* [What to produce]: Please repeat the listing below exactly, but do not include its pictures.

* [Raw data]:
——————————
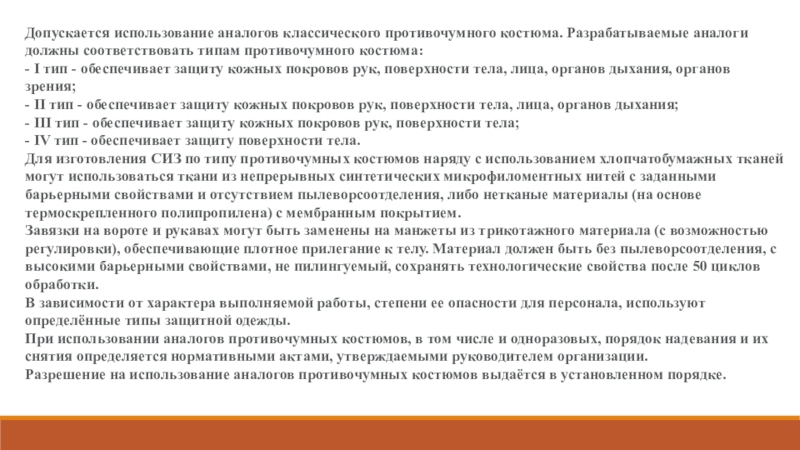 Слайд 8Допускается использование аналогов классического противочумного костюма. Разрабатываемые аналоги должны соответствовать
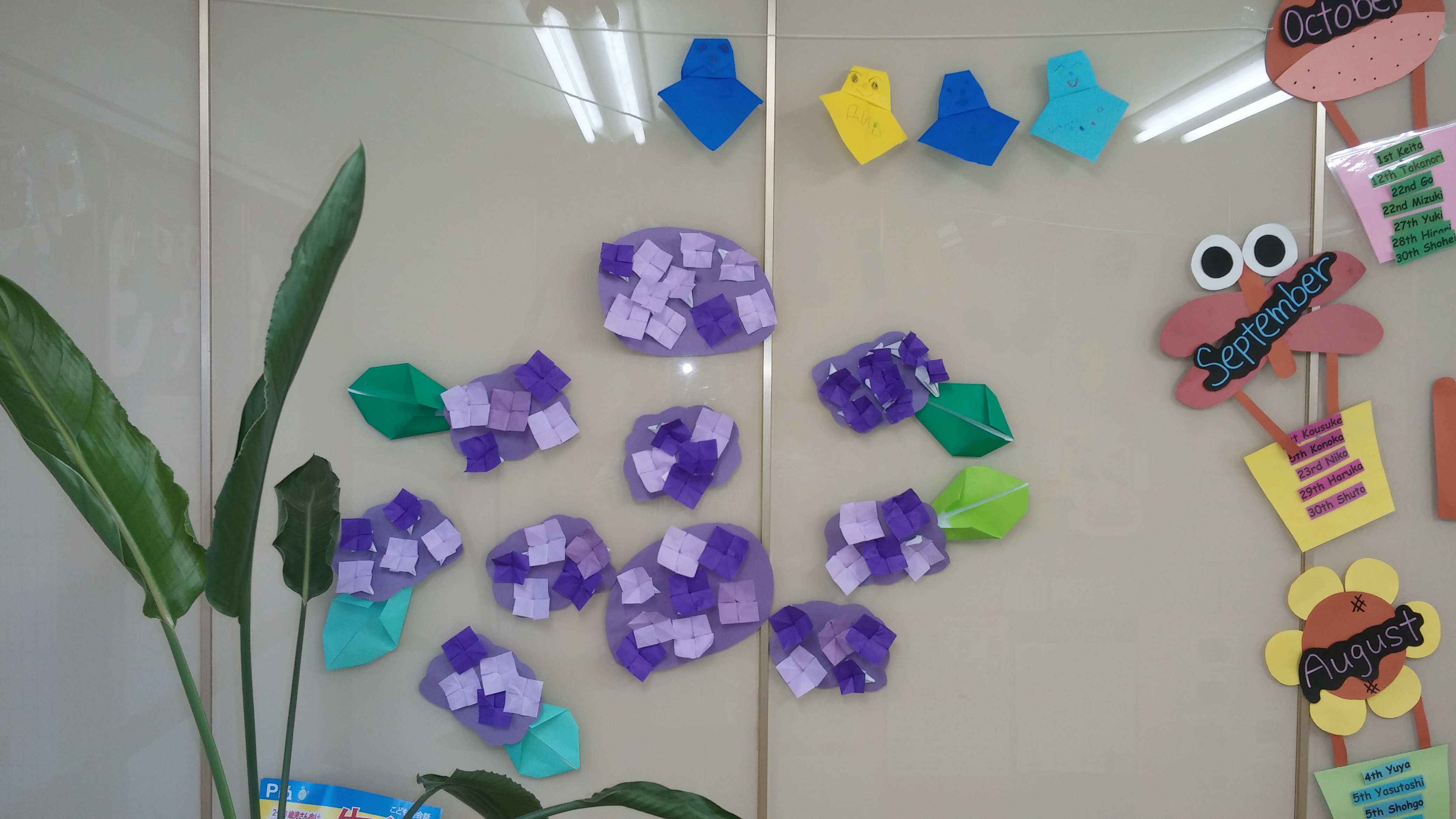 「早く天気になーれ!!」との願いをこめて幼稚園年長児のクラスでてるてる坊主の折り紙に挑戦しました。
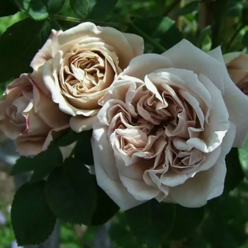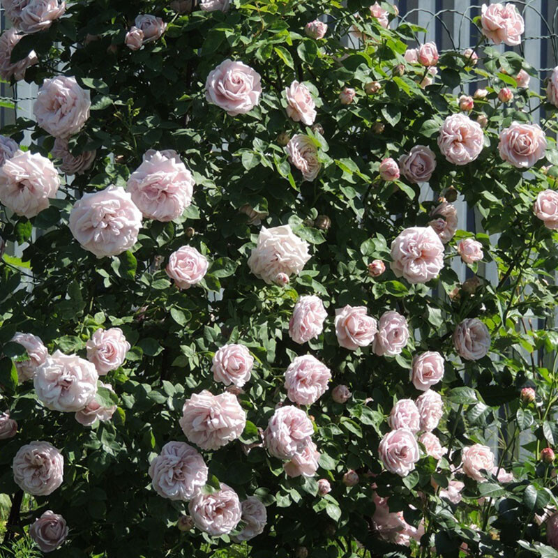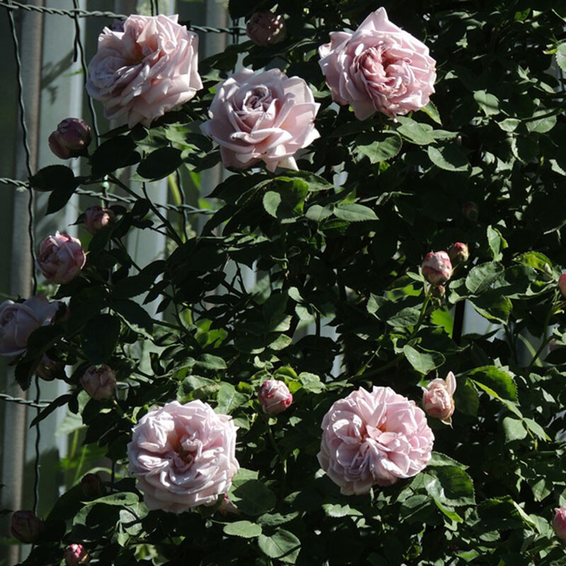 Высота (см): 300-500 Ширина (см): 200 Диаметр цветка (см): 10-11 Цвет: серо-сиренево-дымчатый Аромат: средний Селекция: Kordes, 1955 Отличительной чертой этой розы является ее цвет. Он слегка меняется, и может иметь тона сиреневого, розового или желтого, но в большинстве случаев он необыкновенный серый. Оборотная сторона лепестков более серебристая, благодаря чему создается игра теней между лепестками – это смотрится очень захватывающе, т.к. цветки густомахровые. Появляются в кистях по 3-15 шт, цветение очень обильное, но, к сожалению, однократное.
——————————
* [Solution]:
 Слайд 8Допускается использование аналогов классического противочумного костюма. Разрабатываемые аналоги должны соответствовать
 「早く天気になーれ!!」との願いをこめて幼稚園年長児のクラスでてるてる坊主の折り紙に挑戦しました。
 Высота (см): 300-500 Ширина (см): 200 Диаметр цветка (см): 10-11 Цвет: серо-сиренево-дымчатый Аромат: средний Селекция: Kordes, 1955 Отличительной чертой этой розы является ее цвет. Он слегка меняется, и может иметь тона сиреневого, розового или желтого, но в большинстве случаев он необыкновенный серый. Оборотная сторона лепестков более серебристая, благодаря чему создается игра теней между лепестками – это смотрится очень захватывающе, т.к. цветки густомахровые. Появляются в кистях по 3-15 шт, цветение очень обильное, но, к сожалению, однократное.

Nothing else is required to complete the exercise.